En respuesta a aquella pregunta que me hice hace unos días, acerca de porque el cien pies en la pintura de un conocido y querido amigo artista, Carlos Grant, ciempiés cuyo nombre genérico es escolopendra singulata. El cien pies se desplaza sigilosamente y con basta inteligencia evolución constante.

Por tanto yo decidí investigar más a fondo: y entendí sobre tan  misterioso animalito de la fauna milenaria. Aun muchas veces sin ser tomado en cuenta y me atrevo a decir  sin lugar a dudas que el cien pies se párese tanto a los artistas  que debido al acorralamiento y a la presión social a la que se enfrenta. Tal como el cien pies se defiende con sus aguijones e impregna su veneno, así el artista se defiende con pinceles y genialidad creativa…
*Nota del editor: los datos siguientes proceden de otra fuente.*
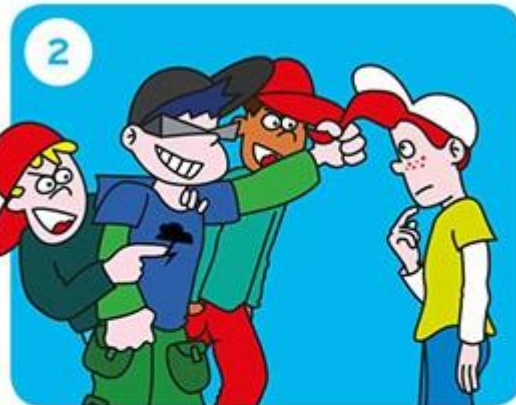
Gaat het door?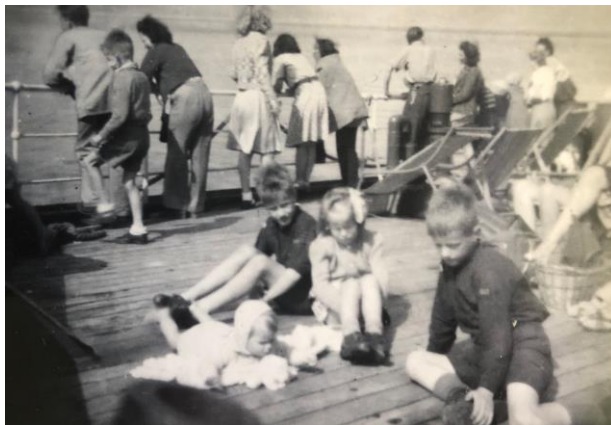
Figure 15 Sipkje's children on the Sibajak to Indonesia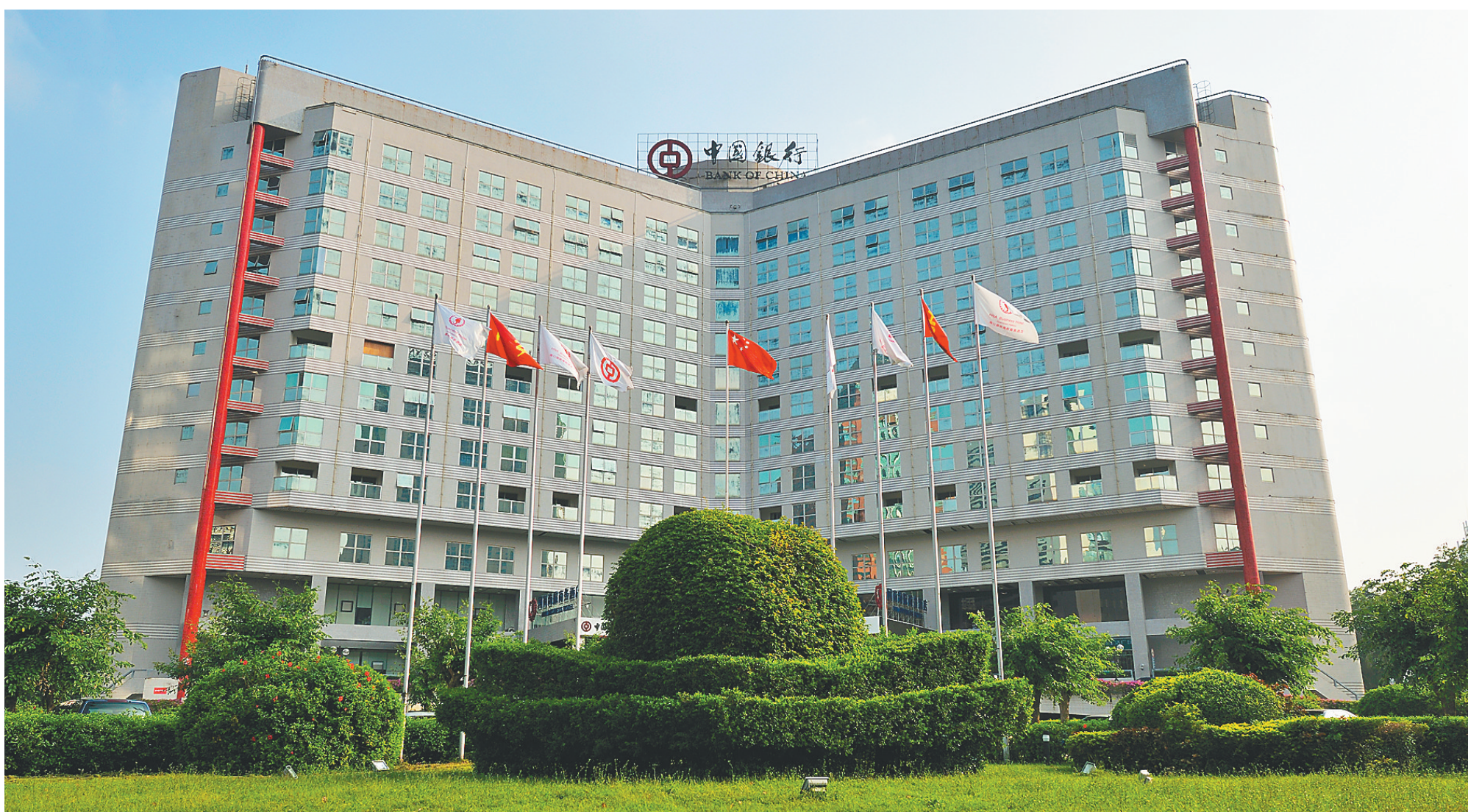
位于海口市大同路上的中银大厦。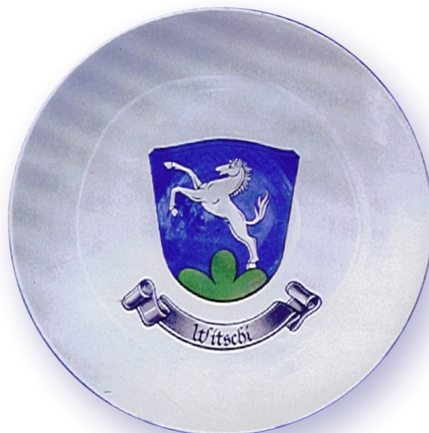
32cm Ø Wandteller

Dies ist nur eine kleine Auswahl unserer Arbeit in der Malerei von Familienwappen auf Keramik. Gerne senden wir Ihnen noch weitere Unterlagen oder beraten Sie bei uns im Atelier.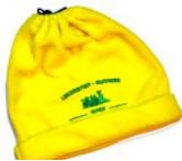
Muts : 7€

Heb je ondertussen een maatje meer of minder, vergeet dan niet jouw gewijzigde kledijmaat te melden aan roland.outtier@gmail.com .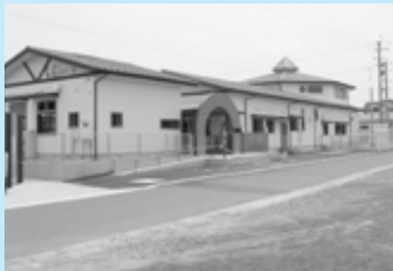
▲改築された野方保育所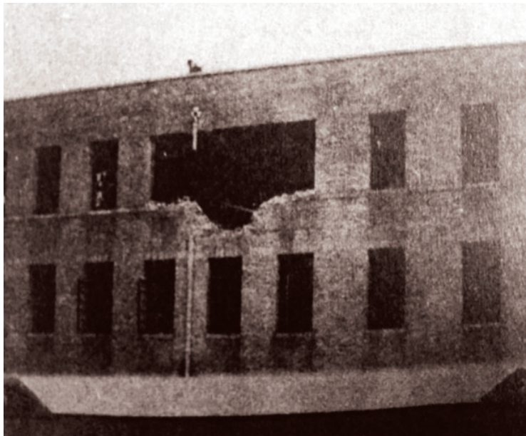
1940年8月30日，1941年8月5日，1941年11月3日，国立西北农学院相继三次遭日机轰炸。图为遭日机轰炸后的西农主楼（三号楼）外景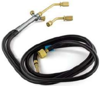
Soplete Orca + Mang Hom

Antes de empezar, te recomendamos varios productos indispensables para que tu taller esté al día.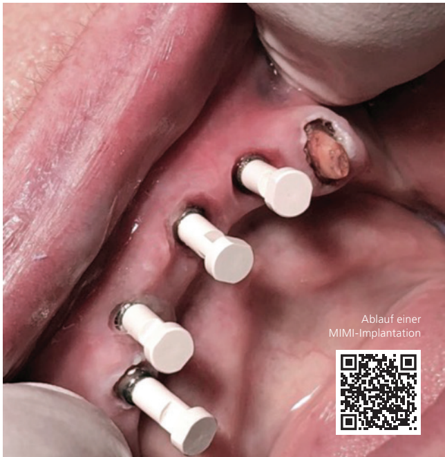
MIMI – einer der Erfolgsschlüssel zahnärztlicher Implantationen.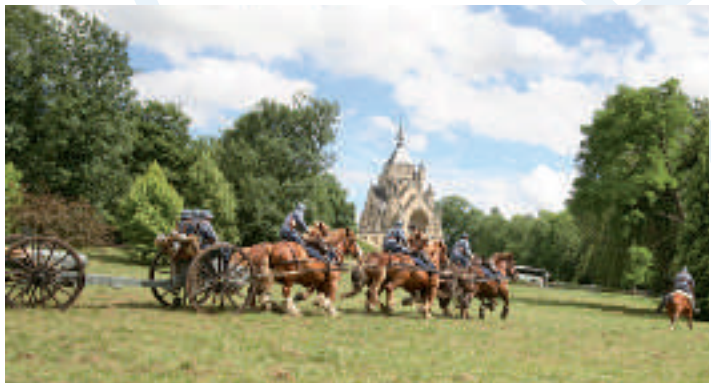
Le canon de 75 mm et son attelage de 6 chevaux

La journée se termina par un concert original offert par le bagad de Lann-Bihoué qui ravit les nombreux spectateurs rassemblés pour l'occasion sur l'esplanade du château.

A través de golpes recibidos por ser tan distintos y diferente a las demás especie de su entorno muchas veces tiene que ser agresivo y mantenerse a la defensiva incluso en la selva que vivimos en donde son dejados a su suerte y tiene que luchar sin echar atrás. 

De la misma forma que es defensor de sus crías, así como hijo salido de sus entrañas el mismo cien pies como celoso guardián cuida y defiende el laberinto de su amo.